The Life Aquatic With Steve Zissou
Aging never quite suits the characters in the comedies of Wes Anderson, the reigning auteur of arrested development: They're either too precocious for youth, like Jason Schwartzman in Rushmore, or too old for their youthful precociousness, like the Tenenbaum children in The Royal Tenenbaums. And once they're past middle age, like Gene Hackman in Tenenbaums or Bill Murray in Rushmore and the new The Life Aquatic With Steve Zissou, life's disappointments have grown so numerous and profound that they don't even bother to shave anymore. With The Life Aquatic, a mopey meta-comedy about growing old and making movies, the 35-year-old Anderson suggests the melancholia of directors twice his age, though he's a mere four films into a bright and promising career. There's always been an undercurrent of sadness in Anderson's work, but never has it been more pronounced, and never has it served as such a heavy anchor to the delicate, whimsical hijinks on the surface. Like its weary hero, the film sometimes seems sapped of energy, even defeated, in spite of moments as vibrant and magical as any movie this year.
Still the boy with the snappiest model train set on the block, Anderson casts Murray as a long-in-the-tooth Jacques Cousteau surrogate who still manages his devoted crew on an antiquated ship that looks like a scrupulously designed Barbie Dream House. Less devoted to science than to show, Murray and the rest of Team Zissou—including his wife Anjelica Huston, German deckmate Willem Dafoe, bond-company stooge Bud Cort, free interns from the University Of Northern Alaska, and a guy who sings David Bowie tunes in Portuguese, among others—have fallen on hard times, as audiences for their documentaries have dwindled. After a "jaguar shark" kills his right-hand man on an expedition, Murray and his men take to the seas in search of revenge, though financiers balk at the mission. The production gets kick-started when Owen Wilson, who may or may not be Murray's grown son, offers his inheritance money, but their adventures meet many obstacles, all noted in painful detail by accompanying journalist Cate Blanchett.
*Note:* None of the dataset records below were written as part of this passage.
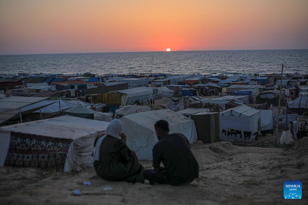 People are silhouetted against sunset above temporary tents for displaced Palestinians in the Mawasi area in the southern Gaza Strip city of Khan Younis, on June 4, 2024. On May 7, the Israeli army expanded its military operation in Rafah, ordering more than 1.5 million Palestinians sheltering there to head to Khan Younis and other central areas of Gaza. (Photo by Rizek Abdeljawad/Xinhua)
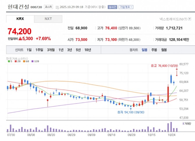 이미지 확대보기29일 한국거래소에 따르면 이날 오전 9시18분 현재 현대건설은 전거래일 대비 7.69% 오른 7만 4200원에 거래 중이다. 이외에도 우리기술(8.52%), 두산에너빌리티(7.06%), 오르비텍((6.34%), 한전기술(5.88%) 등 원전 관련주 등이 일제히 강세다.
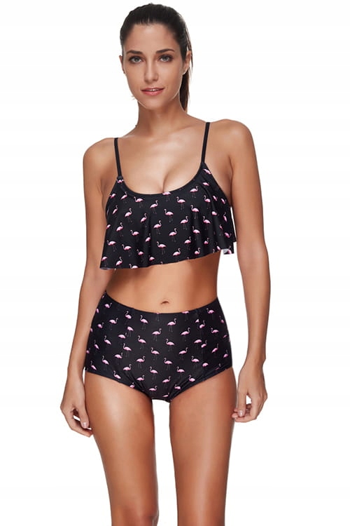 Зручне бікіні з сітчастою підкладкою всередині. Труси - завищена талія. Бюстгальтер на лямках, кишені з внутрішньої сторони чашки, додатковий волан зовні, регульовані лямки.
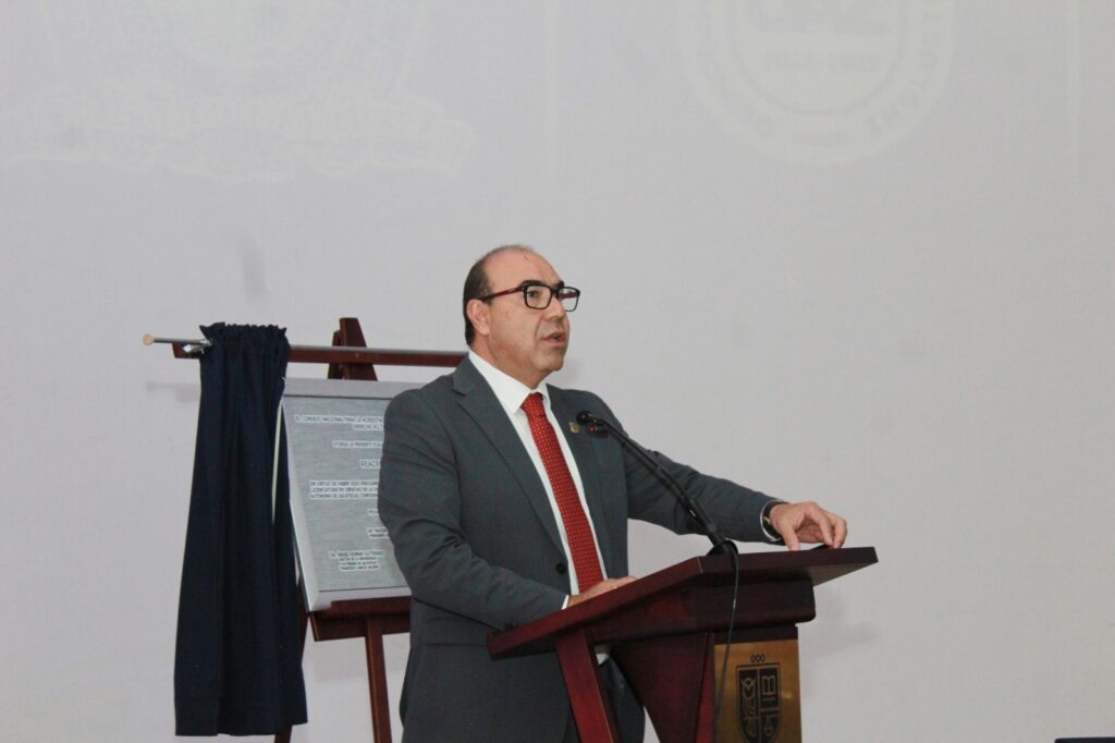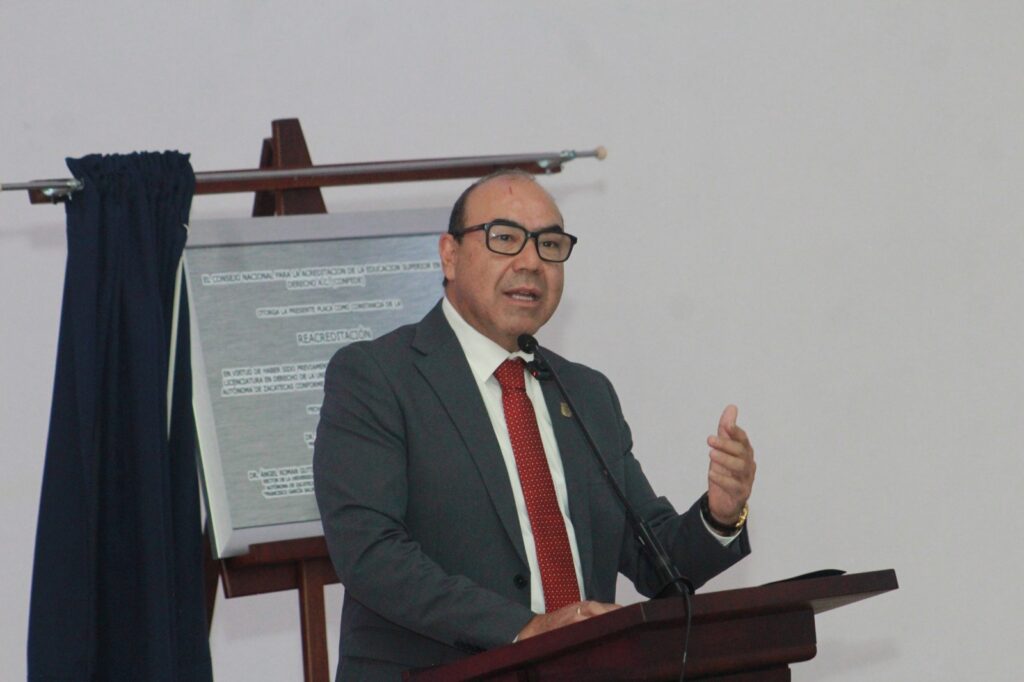 En su mensaje, enfatizó que este proceso valida el compromiso de la universidad con la mejora continua: “Cuando hablamos de esta reacreditación, hablamos de la confirmación y el reconocimiento de un estándar de calidad. Y ese estándar no lo define la universidad, ni la Unidad Académica de Derecho, ni únicamente los docentes. Este estándar es evaluado y rubricado por pares externos”.
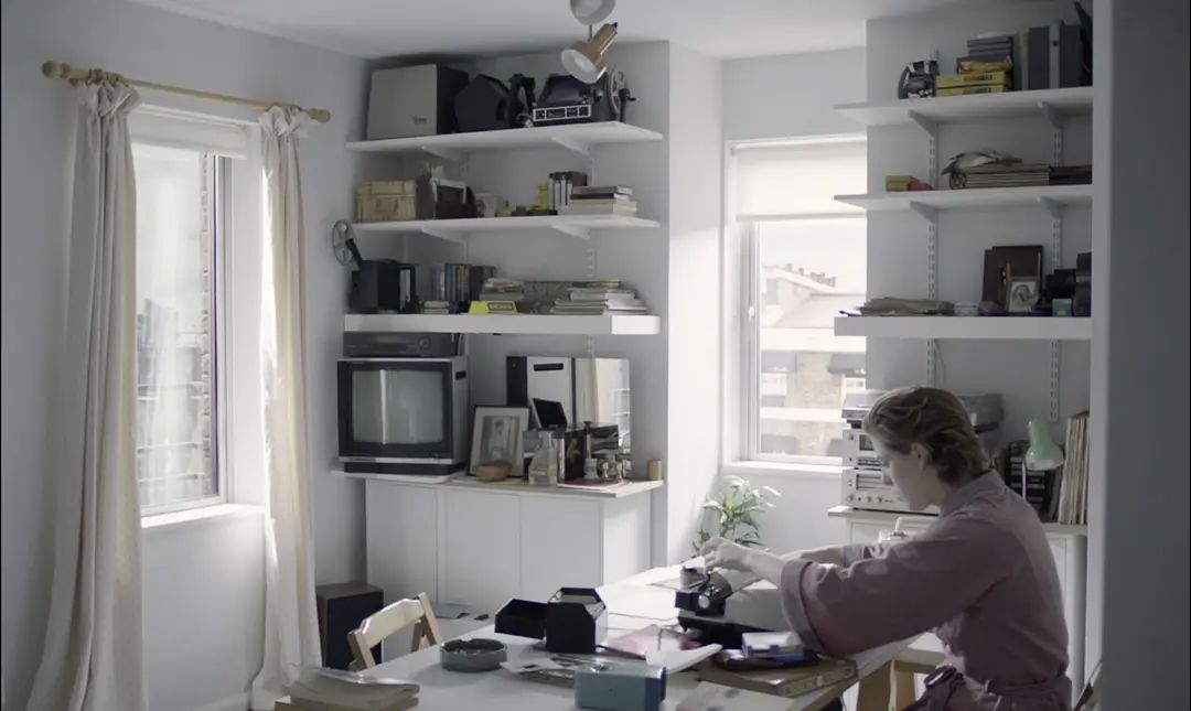 1.先从【美术设计】谈起,故事设定的时间是80年代上半,从新闻中的爱尔兰共和军炸弹事件(1983)和利比亚大使馆抗议事件(1984)可以大致看出,社会的混乱和动荡也可以视作和角色内心的起伏相呼应,朱莉对社会问题的“关切”很大程度上也受此影响。这也是一个数字化来临之前的时代,因此写信、打电话、广播、打字机写作等等仍然盛行(因此,电影本身使用胶片拍摄也就自然而然了)。霍格事无巨细地还原了这个时空,公寓完全就是她自己年轻时的居所,甚至窗户外面的景象都是根据她拍摄的照片来复刻的。而公寓作为绝大多数情节发生地,和霍格之前作品的封闭空间一以贯之:例如《与我无关》的乡间别墅和《展览会》中主角搬出的家。霍格是个对建筑空间非常敏感的人,想必各位也有感触,之后可以谈一谈。
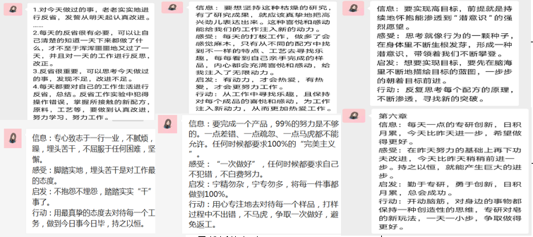 “書友分享共讀收獲&工作組感言”、“頒發(fā)‘優(yōu)秀共讀者’”、“思維導圖分享”三個互動板塊組成了精彩生動的結(jié)營儀式。本期意味深長的讀書會,留給書友們的是人生及工作上用之不竭的思考和收獲,“匠心”、“精進”的種子已然種下,定會在工作上、生活上有所進步。
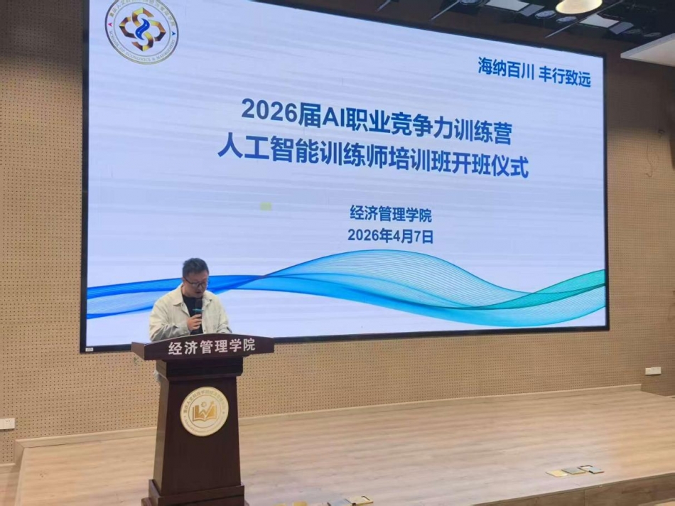 为抢抓人工智能产业发展机遇,精准赋能学生职业成长,切实提升2026届毕业生在AI时代的就业竞争力,学院于2026年4月7日隆重举行AI职业竞争力训练营人工智能训练师培训班开班仪式。学校培训与继续教育学院副院长刘翔、重庆市合川区海诺职业技术培训学校校长朱红林、学院党总支书记黄代蓥、党总支副书记张倩,全体毕业年级辅导员及参训学员出席本次活动。

With its story about a filmmaker nearing the end of his creative life, plagued by middling reviews, wary backers, and the threat of mutiny from the crew, The Life Aquatic seems odd coming from the most acclaimed young comedic director of his generation. But Anderson has a strong emo streak, which surfaces in Murray's broken relationships—with his wife, who was once married to his arch-nemesis (Jeff Goldblum); with his would-be son, whom he never knew; with Dafoe, who worships him like a spurned lapdog; and with Blanchett, who resists his tired advances. For a movie so consumed by colorful and frivolous touches, The Life Aquatic breathes a heavy sigh of resignation, though the beautiful ending goes a long way toward justifying all that navel-gazing. Mostly, the film delights with its scrupulous minor details: The pastel animated sea life, the onboard dolphin "scouts" that have never lived up to their billing, and the hilariously second-rate action sequences, which look like they were staged by Rushmore's Max Fischer Players. Even when caught in a rut, Anderson's obsessive vision still yields many exhilarating surprises.